Here's what it might look like:
const checkNeighbors = (x, y, input) => {
input[y][x] = 0; // mark cell as visited
let size = 1;
[[x + 1, y], [x, y + 1], [x - 1, y], [x, y - 1]].forEach(([i, j]) => {
// make sure we don't access a row that doesn't exist &&
// then check to see if we have a river because 1 is truthy
if (input[j] && input[j][i]) {
size += checkNeighbors(i, j, input);
}
});
return size;
};The recursive neighbor-checking technique we've employed in solving this problem is related to a well-known algorithm called "flood fill." Think of the "paint bucket" tool in a program like Microsoft Paint or Photoshop. This tool lets you click on a pixel in an image, after which an algorithm "finds" all recursively contiguous pixels with the same color, which it then changes to a new color. What's going on under the hood here is not unlike our checkAdjacent function, which "flood fills" rivers with land.
The recursive technique we've used here can also be applied to some kinds of problems which involve navigating or solving mazes. If we know where we are in a maze, perhaps represented as a multi-dimensional array, we can "flood fill" our way out from a starting point in a maze until we reach an "exit", perhaps keeping track of the moves we've made along the way.
So, keep this recursive traversal technique in mind if you encounter interview questions involving paint buckets, mazes, or counting contiguous regions on a representation of a map!
You may be aware that, at least in principlee, every problem which can be solved recursively can also be solved iteratively.
Sometimes, recursive solutions are cleaner and easier to understand, while sometimes iterative solutions are best. Trying to rewrite iterative algorithms as recursive and vice versa can help us cultivate a sense for which makes more sense, in a given case. Thus, for kicks, let's try writing checkNeighbors iteratively.

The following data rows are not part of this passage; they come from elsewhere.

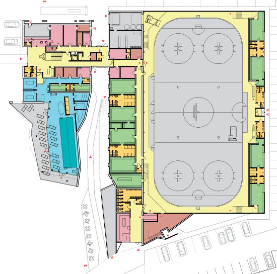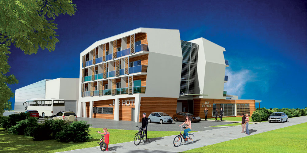 Architektúru všetkých objektov zjednotil autor architektonickej štúdie konceptom ľadovej kryhy. Pohral sa s plochami a prepájaním objemov, zároveň však nepravidelné tvary disciplinovane necháva v jednoduchej geometrii. Podarilo sa mu tak zosúladiť a pospájať všetky prevádzky do logického celku. Motív kryhy navyše vtipne ponúka rôzne veľké markízy a zastrešené trasy, čím sa prevádzka areálu stáva pohodlnejšou. Ľadový plášť predurčil aj farebné riešenie fasád. Snehová biela nepotrebuje nákladný komparz, navyše, necháva prirodzene vyznieť kovový plášť hokejovej haly. Aby súbor nepôsobil príliš chladným dojmom, architekt použil na časti fasády drevený obklad, ktorý ich pocitovo zateplil. Autor mal pri výškovom a pozičnom usporiadaní hmôt na zreteli blízkosť Malých Karpát aj samotné danosti terénu a okolitých stavieb. Jednotlivé objekty sú ľahko identifikovateľné, parkovisko umiestnil logicky na severnú neatraktívnu stranu pozemku, vstupy pre návštevníkov haly sú z juhu od centra Pezinka, do hotela a wellness časti sa vchádza zo západu. Samotná hala s hracou plochou 56 x 26 m je navrhnutá v zmysle stanov a pravidiel SZĽH vrátane pravidiel IIHF. Nachádza sa v severnej časti pozemku, aby bolo možné dosiahnuť ideálne tepelnotechnické parametre. Divákom budú k dispozícii dve tribúny s celkovou kapacitou 510 miest na sedenie a asi 200 miest na státie okolo ľadovej plochy. Okrem šatní so zázemím pre športovcov aj pre korčuľujúcu verejnosť, bufetu a kaviarne s reštauráciou s výhľadom na ľadovú plochu je do lokalitného programu zakomponované aj fitness centrum, wellness centrum s bazénom a dva správcovské byty alternatívne využiteľné ako kancelárie. Hokejová hala, fitness centrum, wellness centrum, bazén a reštaurácia sú vzájomne interiérovo prepojené, zároveň prevádzkovo oddeliteľné. Spolu s exteriérovými viacúčelovými športovými plochami, ktoré budú realizované pri hlavnom vstupe do areálu, tvoria ucelený športovo-rekreačný celok. Architekt na konštrukciu haly zvolil jednoduchý oceľový nosný systém so zastrešením z trapézových plechov a kingspanovou fasádou. Hotelová časť a welness sú prevažne železobetónové.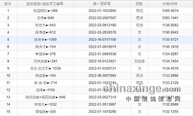 本关季军则是来自会员张志杰的一羽爱将,足环号0612150,分速1138米/分。
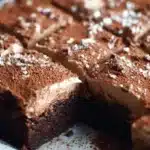 Delicious, fudgy brownies topped with a creamy, chocolate silk layer, perfect for any chocolate lover.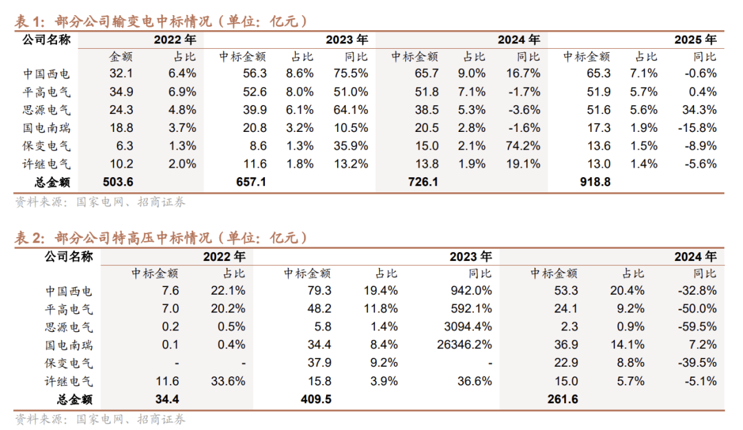 国内输变电和特高压主要公司格局较为稳定,中标金额整体呈现增长态势。

Recursion in Javascript depends on a call stack which keeps track of the lexical scope and its state inside each function. Implementing a recursive solution iteratively usually requires us to set up our own data structure which keeps track of state in a manner similar to the call stack. You may have encountered this when working with trees and lists, in which one often pushes references to a node in the graph to a queue or stack which is then iterated by a while-based structure.
But here our data structure consists in coordinates, rather than complex objects to which we can store references. So we'll need to keep track of where we are on the board; objects or arrays will work but the object syntax makes destructuring a bit cleaner:
const checkNeighbors = (x, y, input) => {
const queue = [{ x, y }];
let size = 0;
while (queue.length) {
const { x, y } = queue.shift();
size += 1;
input[y][x] = 0;
[[x + 1, y], [x, y + 1], [x - 1, y], [x, y - 1]].forEach(([i, j]) => {
if (input[i] && input[i][j]) {
queue.push({ x: i, y: j});
}
});
}
return size;
};The recursive solution is much easier to understand! Letting the call stack keep track of state can be a big help.
When you practice for interviews, try rewriting recusrive solutions as iterative and iterative as recursive; pulling state out of the call stack will help you learn to reason about how to write better recursive code, and will help you see when recursion can help you solve a problem in a simple way.